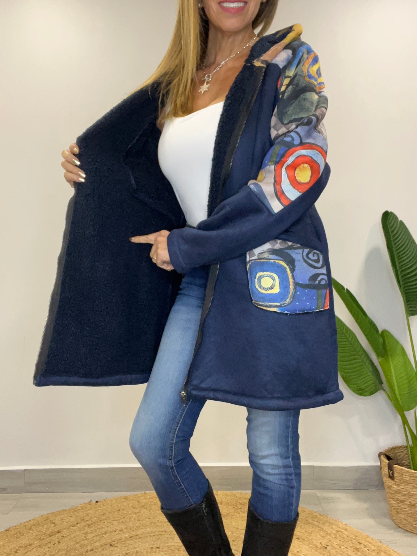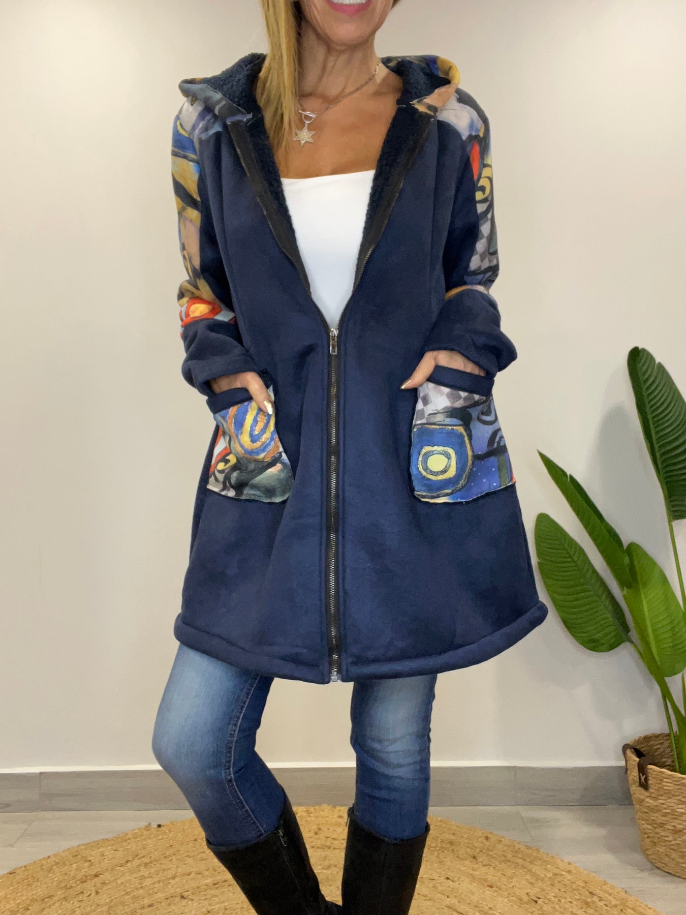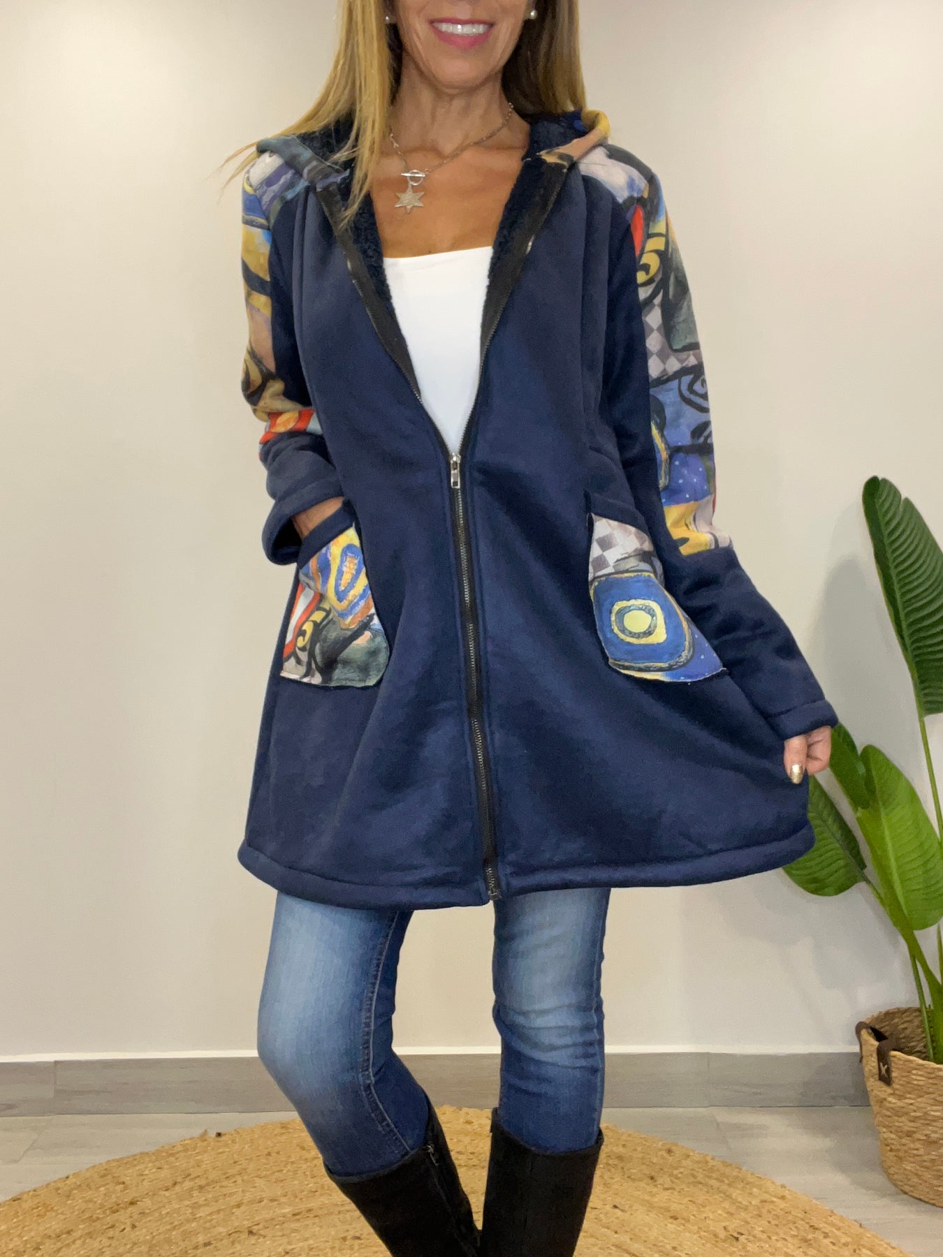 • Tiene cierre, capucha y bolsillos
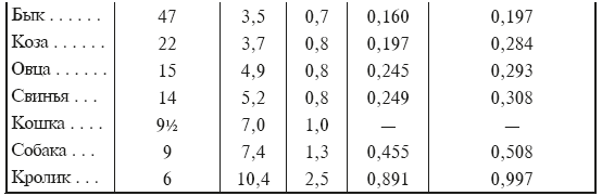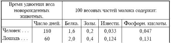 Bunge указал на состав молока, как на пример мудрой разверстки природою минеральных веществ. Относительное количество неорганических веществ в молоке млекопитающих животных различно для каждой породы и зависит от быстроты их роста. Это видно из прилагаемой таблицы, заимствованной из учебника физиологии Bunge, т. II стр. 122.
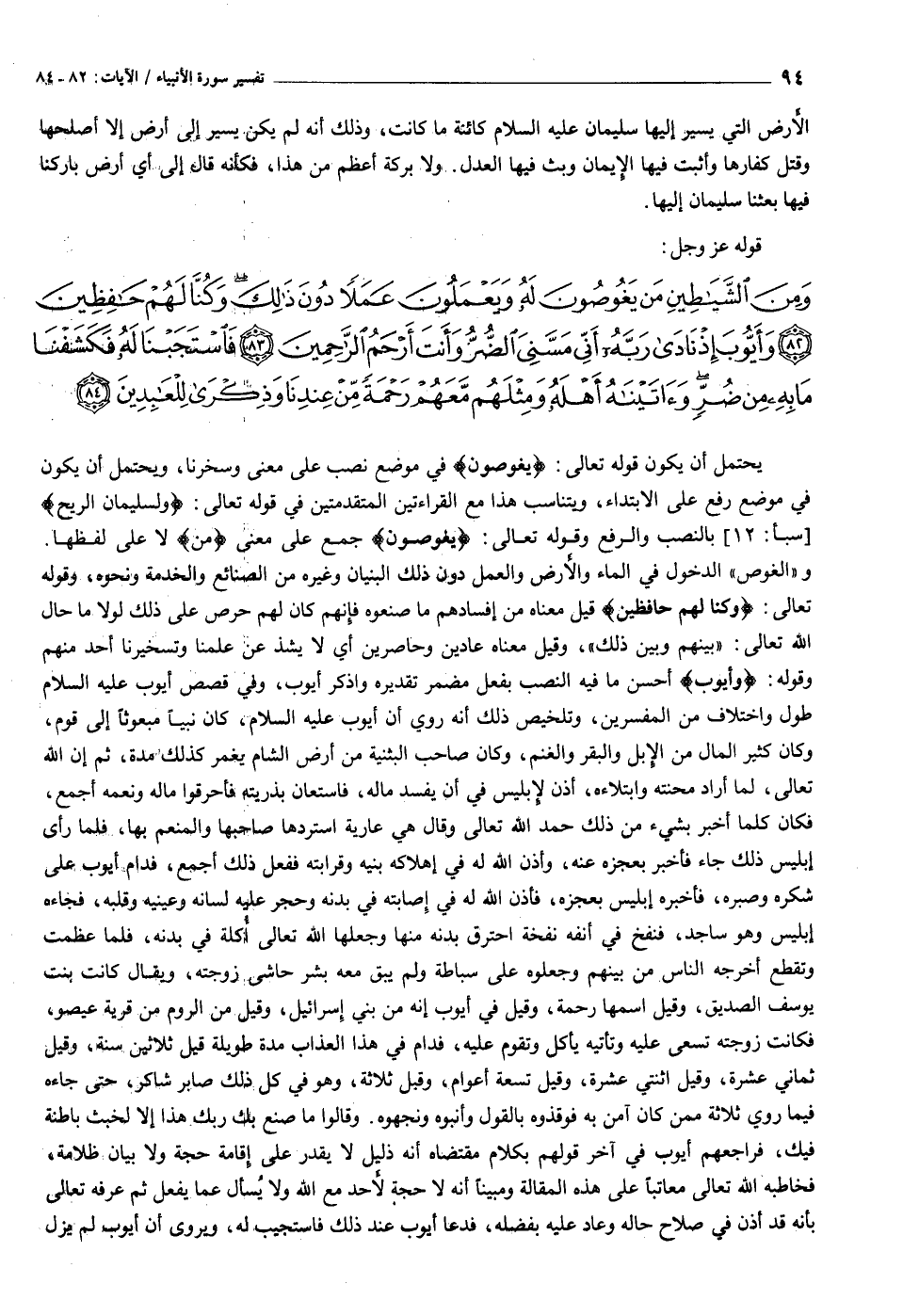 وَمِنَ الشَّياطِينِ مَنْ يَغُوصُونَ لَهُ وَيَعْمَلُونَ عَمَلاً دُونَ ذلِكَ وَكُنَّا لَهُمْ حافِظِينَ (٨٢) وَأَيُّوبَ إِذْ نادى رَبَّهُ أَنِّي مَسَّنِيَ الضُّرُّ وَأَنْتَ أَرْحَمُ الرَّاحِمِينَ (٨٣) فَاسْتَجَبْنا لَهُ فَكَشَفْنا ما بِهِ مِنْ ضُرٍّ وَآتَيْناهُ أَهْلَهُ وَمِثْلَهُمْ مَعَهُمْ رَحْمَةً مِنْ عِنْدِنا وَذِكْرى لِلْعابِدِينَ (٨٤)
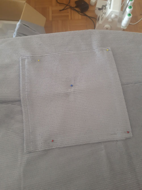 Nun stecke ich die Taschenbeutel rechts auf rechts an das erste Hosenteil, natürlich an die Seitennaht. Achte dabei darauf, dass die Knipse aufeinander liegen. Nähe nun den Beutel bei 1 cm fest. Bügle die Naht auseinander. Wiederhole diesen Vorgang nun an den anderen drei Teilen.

====

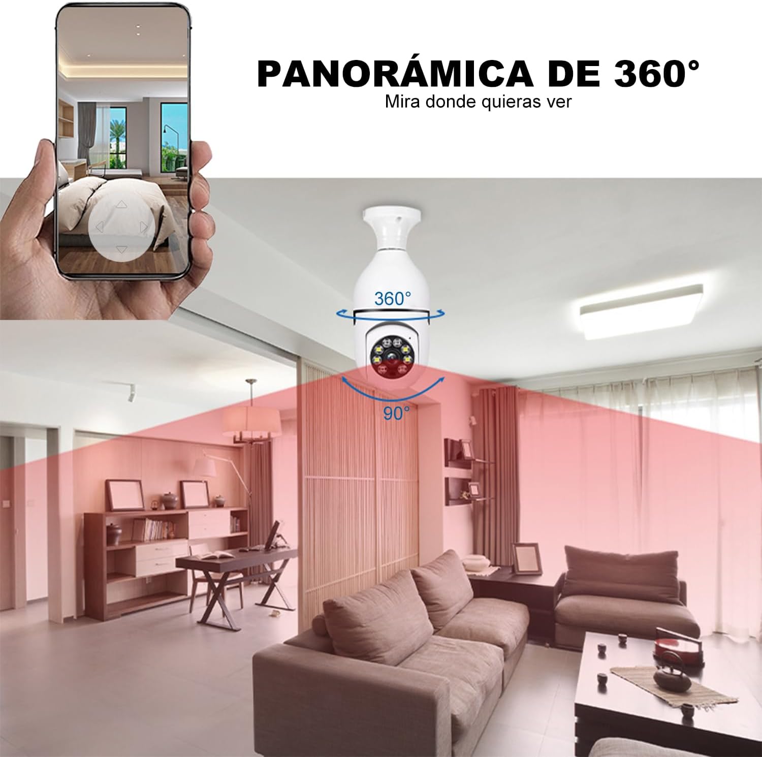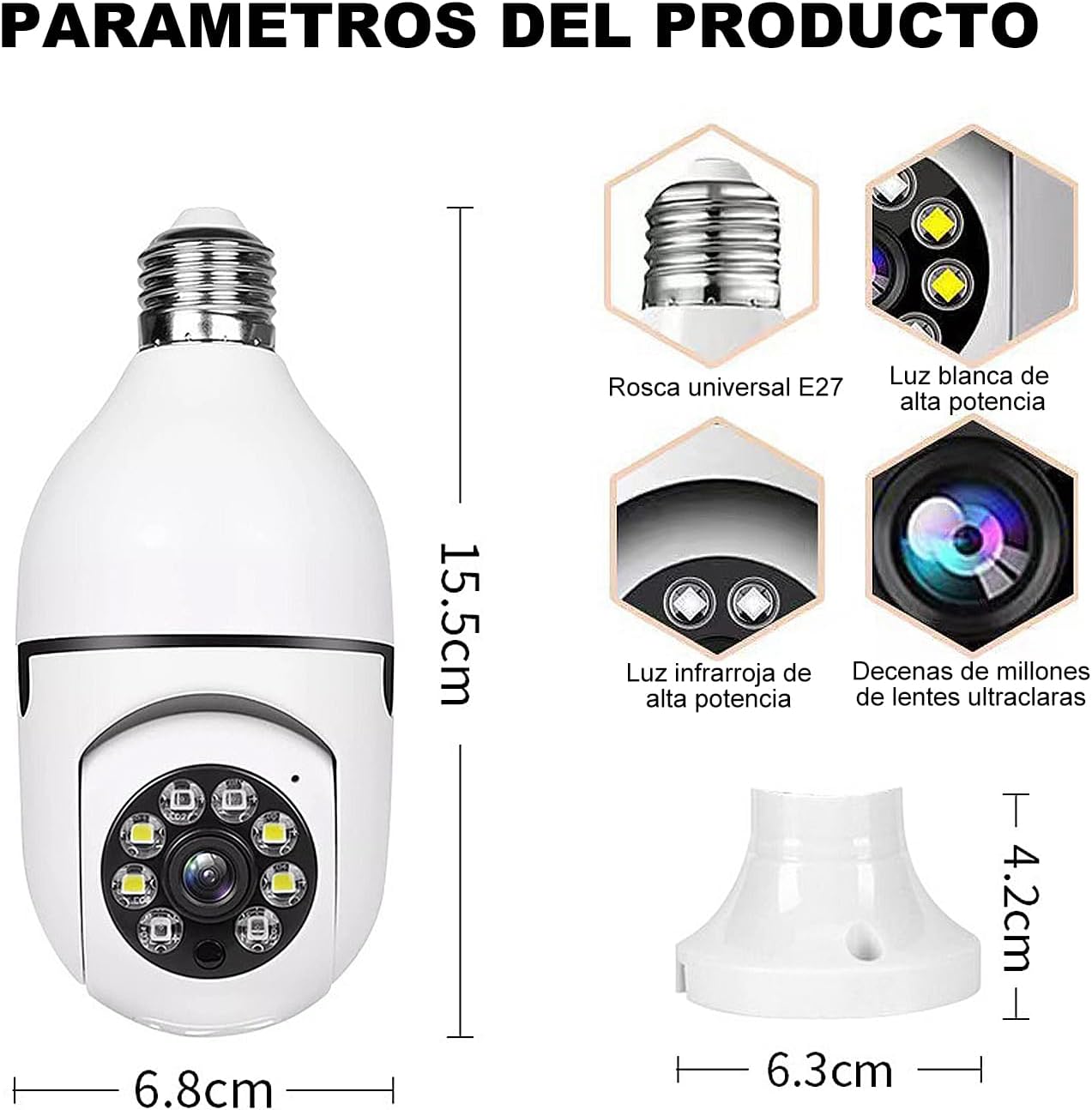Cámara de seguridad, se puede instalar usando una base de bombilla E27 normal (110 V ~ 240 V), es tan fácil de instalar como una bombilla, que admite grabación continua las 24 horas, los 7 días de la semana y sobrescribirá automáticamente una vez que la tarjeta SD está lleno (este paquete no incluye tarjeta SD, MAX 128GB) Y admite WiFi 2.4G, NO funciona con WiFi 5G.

====

§ **Task details**:
Taking the entries above, extract every line from the one bearing "Bunge указал на" through the one bearing "Nun stecke ich", exactly, with no pictures.

§ **Result**:
 Bunge указал на состав молока, как на пример мудрой разверстки природою минеральных веществ. Относительное количество неорганических веществ в молоке млекопитающих животных различно для каждой породы и зависит от быстроты их роста. Это видно из прилагаемой таблицы, заимствованной из учебника физиологии Bunge, т. II стр. 122.
 وَمِنَ الشَّياطِينِ مَنْ يَغُوصُونَ لَهُ وَيَعْمَلُونَ عَمَلاً دُونَ ذلِكَ وَكُنَّا لَهُمْ حافِظِينَ (٨٢) وَأَيُّوبَ إِذْ نادى رَبَّهُ أَنِّي مَسَّنِيَ الضُّرُّ وَأَنْتَ أَرْحَمُ الرَّاحِمِينَ (٨٣) فَاسْتَجَبْنا لَهُ فَكَشَفْنا ما بِهِ مِنْ ضُرٍّ وَآتَيْناهُ أَهْلَهُ وَمِثْلَهُمْ مَعَهُمْ رَحْمَةً مِنْ عِنْدِنا وَذِكْرى لِلْعابِدِينَ (٨٤)
 Nun stecke ich die Taschenbeutel rechts auf rechts an das erste Hosenteil, natürlich an die Seitennaht. Achte dabei darauf, dass die Knipse aufeinander liegen. Nähe nun den Beutel bei 1 cm fest. Bügle die Naht auseinander. Wiederhole diesen Vorgang nun an den anderen drei Teilen.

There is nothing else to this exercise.